Message ID | cover.1607477897.git.asml.silence@gmail.com (mailing list archive) |
---|---|
Headers | show |
Series | nocopy bvec for direct IO | expand |
On Wed, Dec 09, 2020 at 02:19:50AM +0000, Pavel Begunkov wrote: > A benchmark got me 430KIOPS vs 540KIOPS, or +25% on bare metal. And perf > shows that bio_iov_iter_get_pages() was taking ~20%. The test is pretty > silly, but still imposing. I'll redo it closer to reality for next > iteration, anyway need to double check some cases. That is pretty impressive. But I only got this cover letter, not the actual patches..
On 09/12/2020 06:50, Christoph Hellwig wrote: > On Wed, Dec 09, 2020 at 02:19:50AM +0000, Pavel Begunkov wrote: >> A benchmark got me 430KIOPS vs 540KIOPS, or +25% on bare metal. And perf >> shows that bio_iov_iter_get_pages() was taking ~20%. The test is pretty >> silly, but still imposing. I'll redo it closer to reality for next >> iteration, anyway need to double check some cases. > > That is pretty impressive. The difference will go down with BS=~1-2 pages, just need to to find a moment to test properly. > But I only got this cover letter, not the > actual patches.. Apologies, that goes for everyone as lost CCs in the patches.
On 12/8/20 7:19 PM, Pavel Begunkov wrote: > The idea is to avoid copying, merging, etc. bvec from iterator to bio > in direct I/O and use the one we've already got. Hook it up for io_uring. > Had an eye on it for a long, and it also was brought up by Matthew > just recently. Let me know if I forgot or misplaced some tags. > > A benchmark got me 430KIOPS vs 540KIOPS, or +25% on bare metal. And perf > shows that bio_iov_iter_get_pages() was taking ~20%. The test is pretty > silly, but still imposing. I'll redo it closer to reality for next > iteration, anyway need to double check some cases. > > If same applied to iomap, common chunck can be moved from block_dev > into bio_iov_iter_get_pages(), but if there any benefit for filesystems, > they should explicitly opt in with ITER_BVEC_FLAG_FIXED. Ran this on a real device, and I get a 10% bump in performance with it. That's pretty amazing! So please do pursue this one and pull it to completion.

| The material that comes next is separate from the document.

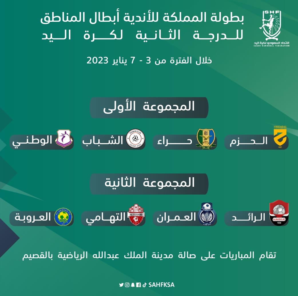 تنطلق يوم غدٍ الثلاثاء، منافسات الأدوار النهائية من بطولة المملكة لكرة اليد للأندية أبطال المناطق للدرجة الثانية للموسم الرياضي 2022-2023م، والمؤهلة للعب في بطولة دوري أندية الدرجة الأولى.

On Wed, Dec 09, 2020 at 02:19:50AM +0000, Pavel Begunkov wrote: > The idea is to avoid copying, merging, etc. bvec from iterator to bio > in direct I/O and use the one we've already got. Hook it up for io_uring. > Had an eye on it for a long, and it also was brought up by Matthew > just recently. Let me know if I forgot or misplaced some tags. > > A benchmark got me 430KIOPS vs 540KIOPS, or +25% on bare metal. And perf > shows that bio_iov_iter_get_pages() was taking ~20%. The test is pretty > silly, but still imposing. I'll redo it closer to reality for next > iteration, anyway need to double check some cases. > > If same applied to iomap, common chunck can be moved from block_dev > into bio_iov_iter_get_pages(), but if there any benefit for filesystems, > they should explicitly opt in with ITER_BVEC_FLAG_FIXED. To reiterate what hch said - this "opt in" is wrong. Out-of-tree code that does async IO on bvec-backed iov_iter, setting it up on its own will have to adapt, that all. iov_iter and its users are already in serious need of simplification and cleanups; piling more on top of that would be a bloody bad idea. Proposed semantics change for bvec-backed iov_iter makes a lot of sense, so let's make sure that everything in tree can live with it, document the change and switch to better semantics. This thing should be unconditional. Document it in D/f/porting and if something out of tree complains, it's their problem - not ours.
On 09/12/2020 16:53, Jens Axboe wrote: > On 12/8/20 7:19 PM, Pavel Begunkov wrote: >> The idea is to avoid copying, merging, etc. bvec from iterator to bio >> in direct I/O and use the one we've already got. Hook it up for io_uring. >> Had an eye on it for a long, and it also was brought up by Matthew >> just recently. Let me know if I forgot or misplaced some tags. >> >> A benchmark got me 430KIOPS vs 540KIOPS, or +25% on bare metal. And perf >> shows that bio_iov_iter_get_pages() was taking ~20%. The test is pretty >> silly, but still imposing. I'll redo it closer to reality for next >> iteration, anyway need to double check some cases. >> >> If same applied to iomap, common chunck can be moved from block_dev >> into bio_iov_iter_get_pages(), but if there any benefit for filesystems, >> they should explicitly opt in with ITER_BVEC_FLAG_FIXED. > > Ran this on a real device, and I get a 10% bump in performance with it. > That's pretty amazing! So please do pursue this one and pull it to > completion. I'm curious, what block size did you use?